The Thymus Shrinks With Age and Takes Immune Function With It

The thymus gland loses 95% of its immature immune cells with age, and the peptide it produces to maintain immune function disappears with it. Thymosin alpha-1 (Ta1) restored that function. Across decades of preclinical and clinical evidence, Ta1 stimulated new T-cell production, reduced three major inflammatory cytokines, protected brain tissue from oxidative damage, and inhibited the same enzyme targeted by ACE-inhibitor blood pressure medications. Published in the International Journal of Molecular Sciences (November 2025), the review compiled evidence from immunology, neuroscience, and cardiovascular research into a single case for Ta1 as an anti-aging intervention.
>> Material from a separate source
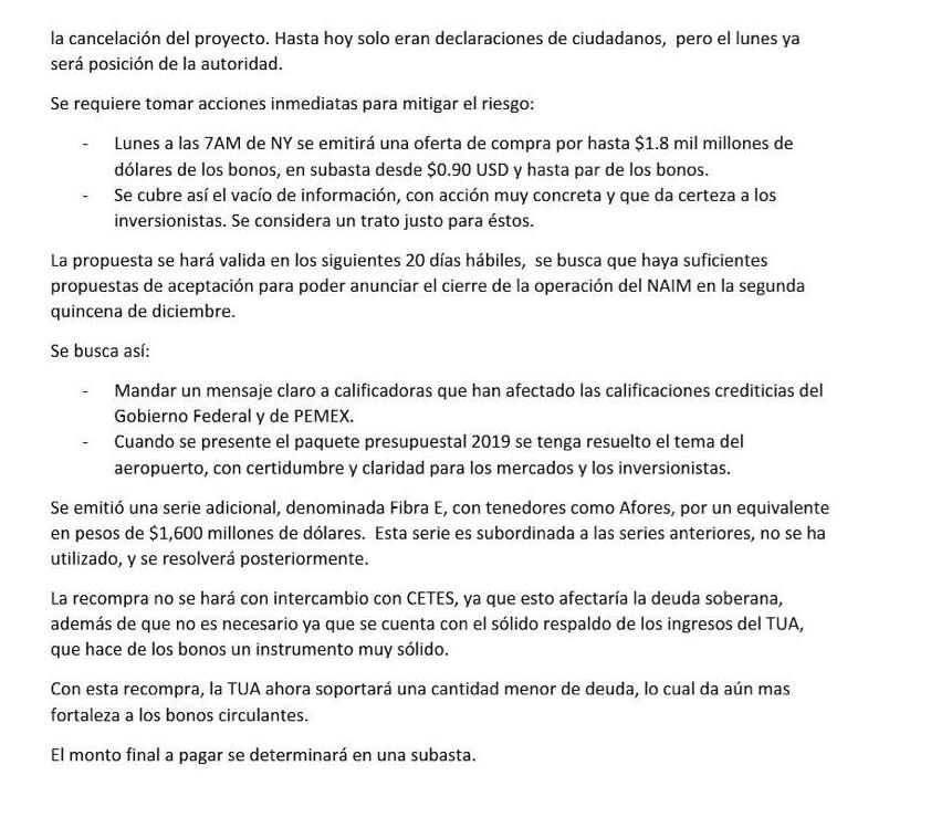 "Los bonos se emitieron bajo la ley de NY, que posibilita calificar los bonos en default técnico en ciertos casos. El riesgo más serio para las cuatro series de bonos del NAIM es el anuncio oficial de la cancelación del proyecto. Hasta hoy solo eran declaraciones de los ciudadanos, pero el lunes ya será posición de la autoridad", se refiere en la minuta.

Ta1 Stimulated the Thymus to Produce New Immune Cells

The thymus begins shrinking after puberty, and by old age its functional tissue has been largely replaced by fat. This process, called thymic involution, is the central driver of immune aging because the thymus is the only organ that trains immature stem cells into functional T cells. Once the thymus shrinks, the body’s supply of new T cells drops and keeps dropping.

Ta1 directly counteracted this decline at two separate production sites. In thymic tissue, it increased expression of interleukin-7 (a growth signal critical for T-cell survival at every stage of maturation), enhanced the conversion of stem cells into new T cells, and prevented immature immune cells from dying prematurely. In bone marrow, Ta1 enhanced cell proliferation in the presence of growth-stimulating factors, which means it boosted immune cell production at the source where all blood cells originate.

Ta1 Reprogrammed the Immune System’s Inflammatory Set Point

Aging immune systems shift toward constant low-grade inflammation (sometimes called inflammaging) that drives atherosclerosis, neurodegeneration, and metabolic disease. Ta1 addressed this by reprogramming dendritic cells, the immune cells that decide whether the body mounts an inflammatory attack or maintains tolerance. Under Ta1’s influence, dendritic cells increased their anti-inflammatory output (interleukin-10) and their T-cell activation signal (interleukin-12), while dialing down PD-1L, a brake molecule that suppresses T-cell activity in aging patients.

Ta1 also activated regulatory T cells (Tregs), the immune cells responsible for preventing the body from attacking itself. In macrophages, Ta1 reduced production of three major inflammatory drivers (TNF-alpha, IL-1-beta, and IL-6) while boosting anti-inflammatory IL-10. It achieved this by suppressing the NF-kB inflammatory pathway and increasing Nrf-2, which is the body’s master switch for antioxidant defense.

Ta1 Protected the Brain, Heart, and Stressed Cells From Oxidative Damage

In a clinical study of patients with immune deficiency complicated by major depressive disorder, Ta1 administration stabilized immune markers and reduced depressive symptoms. This is consistent with the preclinical evidence: Ta1 stimulated new neuron growth, improved cognitive function, restored nerve growth factor levels in the brain after thymus removal, and modulated synaptic transmission in the hippocampus (the brain region most critical for memory). Ta1 also suppressed neuroinflammatory signaling through the same Wnt/beta-catenin pathway that protects against age-related neurodegeneration.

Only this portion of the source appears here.